For all figures, we also show individual channels separately, which is common practice for making fluorescence images accessible to colorblind readers (PMID: 33788834). Figures highlighting non-overlap like 6B and C are already in accessible colors when merged (blue/green) and include a numerical quantification. 3-color RGB images preserve the greatest information for the highest number of individuals.
(2) Targeting ubiquitously expressed genes as a proof of concept gives me some concern that this might underestimate the challenges that may be experienced with less widely expressed genes.

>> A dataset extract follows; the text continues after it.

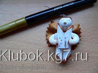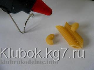 двух крупных макаронин склеим тело ангелочка. По бокам приклеим ручки из рожек.

While the genes were predicted to be ubiquitously expressed, many were not in practice, like HXK-1 and F54C8.1, which were also among the lower expressed genes on our list and highly cell type restricted. As discussed, the more tissue restricted a gene, the likelier that bulk RNA levels underestimate expression. Such genes are therefore more likely to be detected in a specific tissue. We routinely isolate tissue restricted endogenous tags, including those expressed in only a few neurons, with bulk FPKMs lower than the ranges tested in this manuscript.
(3) Some results are not shown or referenced (autofluorescence, for example, is shown using a schematic in Figure 1C).
We now provide representative images alongside what would be expected to be observed by eye during screening.
(4) It would be useful to describe how to recover worms from what is shown in Figure 1A.
In the revised version, we added the following in the caption for Fig. 1A:
“Selected worms expressing the brighter tag can be screened for dimmer tags by higher magnification and long exposure imaging. Worms can be recovered directly from slides if immobilized by levamisole as described (Ghanta et al., 2021). Alternatively, single hermaphrodite worms can be isolated, allowed to lay eggs, then screened.”
(5) A blue bar of data must be missing from Figure 3B injection pool 5.
As stated in the text, “All but one tag (cox-6B::mTagBFP2) was visible in the F1 generation of injected P0 animals, and these were subsequently isolated among F2 worms positive for the other tags in the pool.”
To clarify that data points are not unintentionally omitted, we added the following text to the caption of Fig. 3B:
“For group 5 including cox-6B::mTagBFP2, worms with detectable levels of mTagBFP2 fluorescence were not recovered in the F1 generation but were isolated among progeny of F1s positive for mStayGold and mScarlet3; we were thus unable to quantify efficiency for this locus at F1.”
(6) Some expression or localization patterns were unexpected, but complications like germline silencing and protein mislocalization, with a small fraction localizing normally and rescuing function, were not presented as possibilities. Viability is used to confirm function, but without presenting whether this means 100% viability, less, or just the ability to maintain a strain.
We already do discuss mislocalization and functionality issues in the Discussion, as well as tradeoffs of alternate methods. Any existing method to observe biological molecules, be it protein, RNA or DNA, has multiple drawbacks and sources of artifacts, which are unlikely to be fully eliminated in the foreseeable future.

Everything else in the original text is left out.